Alright, now let's move up one dimension higher. Now we're looking at 2-connected 4-groupoids. Now the algebraic topology question is the well-known fact that the generator of $\pi_3(S^2) = \mathbb{Z}$ has only order 2 when you stabilize it to put it in $\pi_4(S^3)$. Where does this come from? Well, it's clearly the same thing as asking why the two proofs of Eckmann-Hilton become the same when applied to 3-loops. Here the topological intuition is clear: take your clockwise proof and rotate it around the x-axis until it comes back into the plane becoming the counterclockwise proof.
Let's think about this in more detail. You can think of Eckmann-Hilton as taking place on a big square made up of four little squares with two tiles labelled x and y and the blanks labelled by identities and then sliding them around.
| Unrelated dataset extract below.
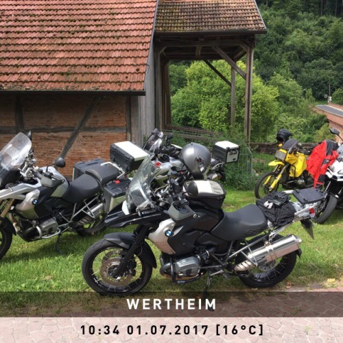 Weiter gehts nach Hammelburg. Ein schneller Blick aufs Regenradar lässt hoffen, es könnte trocken bleiben. Bleibt es natürlich auch und so genießen wir die gut 90 Kilometer ins Fränkische. Oftmals haben wir die Straßen ganz für und alleine und genießen die herrlichen Ausblicke.

Now we're looking in 3-dimensions at cubes and we want to slide one proof into the other by moving into the third dimension.
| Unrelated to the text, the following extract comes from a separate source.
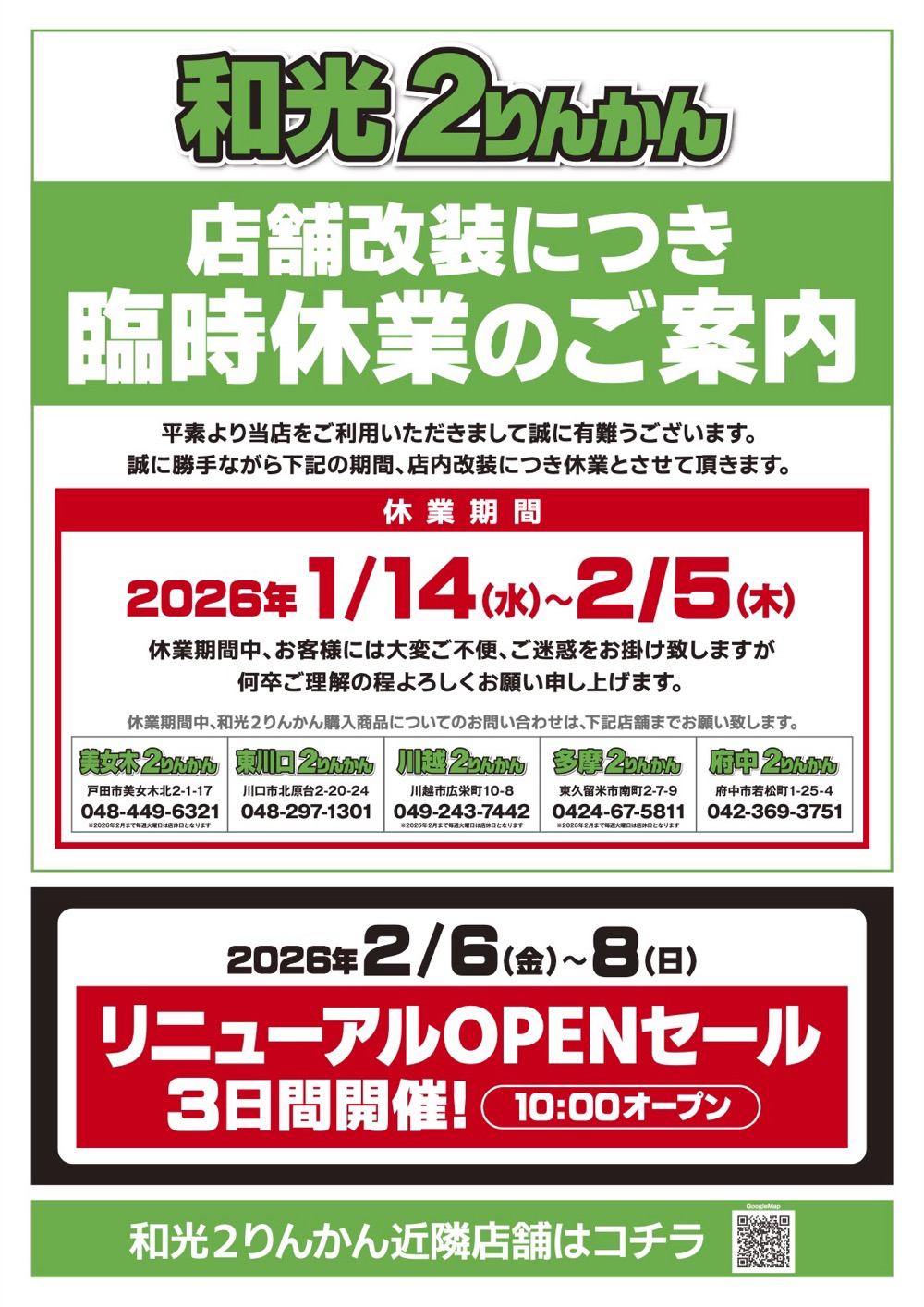 ただいま和光2りんかんは改装中となっております。

So we start with the proof:
$$x \circ_1 y = (x \circ_2 1) \circ_1 (1 \circ_2 y) = (x \circ_1 1) \circ_2 (1 \circ_1 y) = x \circ_2 y = \ldots = y \circ_1 x.$$
Next we need to introduce a third dimension to give ourselves more room to work. So maybe:
$$x \circ_1 y = (x \circ_2 1) \circ_1 (1 \circ_2 y) = (x \circ_1 1) \circ_2 (1 \circ_1 y) = ((x \circ_1 1) \circ_2 (1 \circ_1 y)) \circ_3 ((1 \circ_1 1) \circ_2 (1 \circ_1 1)) = \ldots$$
Then one gradually moves the clockwise proof around into the third dimension (so the interesting part is in the $\circ_2$ $\circ_3$ plane instead of the $\circ_1$ $\circ_2$ plane) and then back into the plane until it becomes the counterclockwise proof. I'm not going to write down the rest of this proof because it would take a while to get it entirely right and it would be hard to fit nicely on the screen anyway. But I'm confident that given a couple days I could write such a proof in Agda, and hopefully the idea is clear.
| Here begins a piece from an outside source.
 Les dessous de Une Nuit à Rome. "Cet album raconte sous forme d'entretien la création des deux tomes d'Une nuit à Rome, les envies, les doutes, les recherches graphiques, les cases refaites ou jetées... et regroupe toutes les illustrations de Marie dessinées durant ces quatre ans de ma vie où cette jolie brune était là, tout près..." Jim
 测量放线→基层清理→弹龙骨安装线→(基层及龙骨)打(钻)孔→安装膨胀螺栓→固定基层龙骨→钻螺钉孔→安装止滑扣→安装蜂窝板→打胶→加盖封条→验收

Just like the key lemma in proving Eckmann-Hilton is the interchange law, in order to prove this result we're going to need a higher interchanger relating the three compositions and their pairwise interchangers. Once you have such a higher interchanger the above proof should work for any doubly monoidal 4-category without groupoid-ness appearing anywhere.